How about a magazine? Some how all of the copies of Time or Newsweek have disappeared, but there are still bunches of Bass Weekly and Golfers Digest around. Oh, and what’s this? Highlights For Children?

You pick it up, after making sure no one was looking, and you open the magazine randomly, expecting to play some games or perhaps completing a word search. But nope, you’ve opened up to a twelve frame comic, The Timbertoes. Go ahead and read it.

They found an island.

The Timbertoes sailed away.

"I am lonely," said the girl.

The animals came near.

What was his name?

This story strikes you as completely odd for being in a children’s magazine, yet you enjoyed it greatly. You tear out the page, fold it, and put it in your pocket.

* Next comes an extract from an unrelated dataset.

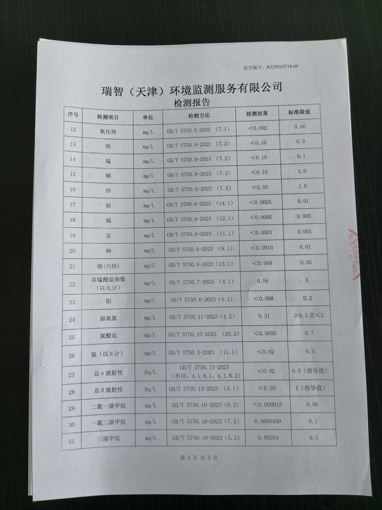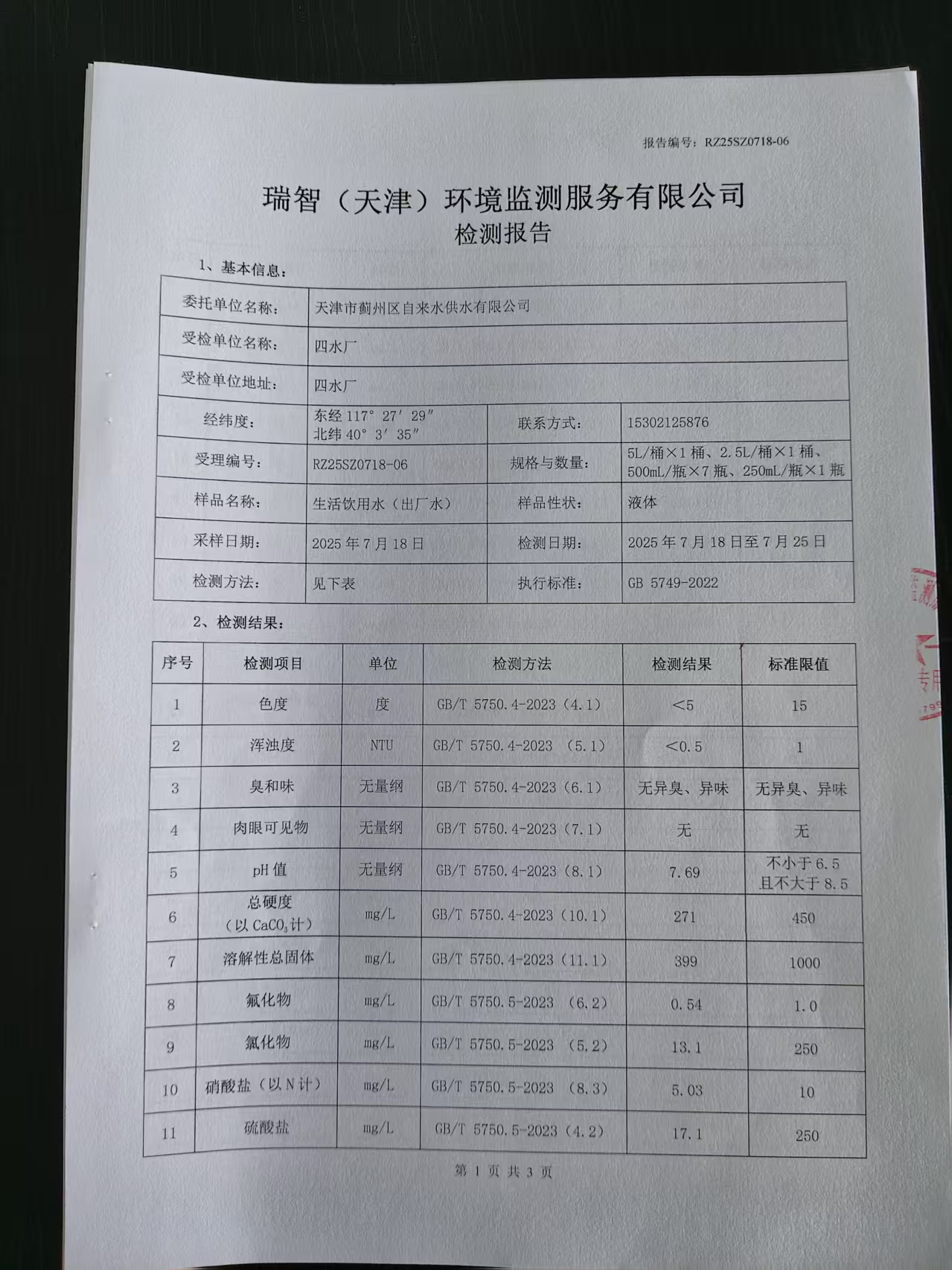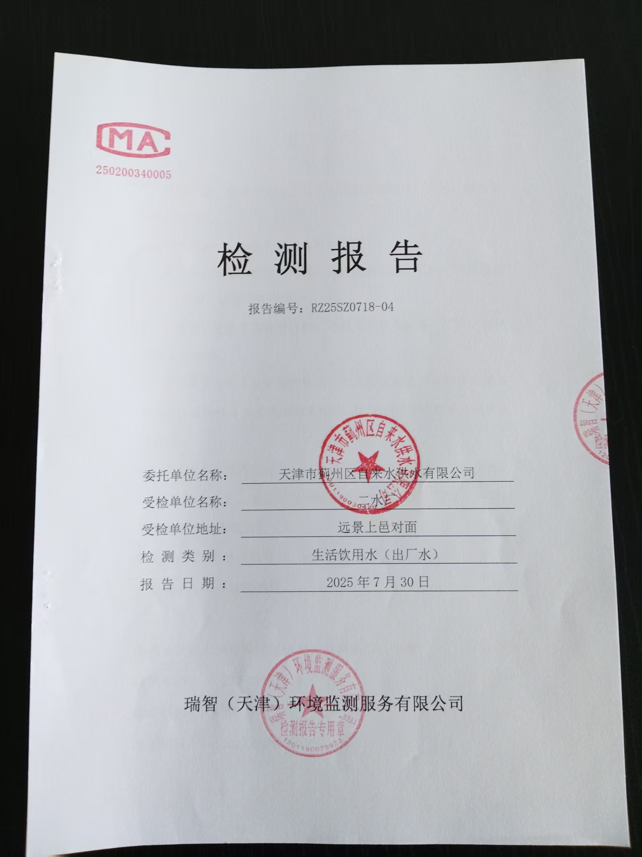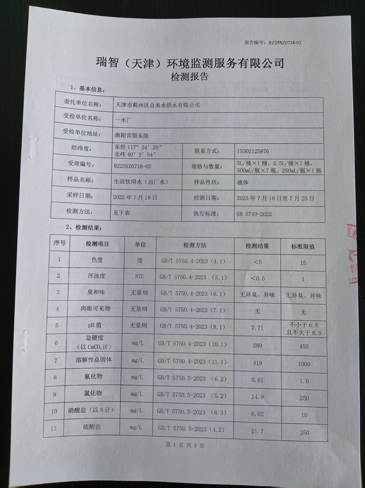 2025年7月份水質(zhì)檢測(cè)報(bào)告

The dentist is ready to see you now.


The Timbertoes came into being in 1946, when John Gee created them for the first publication of Highlights magazine. Needless to say, the wooden family consisting of Pa, Ma, Tommy, Mabel, and the dog are still around today, as they have at least one full comic in every issue of current Highlights.

Children will enjoy The Timbertoes stories for their simplicity and their ability to portray a complete story in a short amount of time. Adults, on the other hand, will sometimes notice the poetic, and almost art-like, feel that the comics take on. It’s almost as if writer Marileta Robinson aims for amusing both audiences.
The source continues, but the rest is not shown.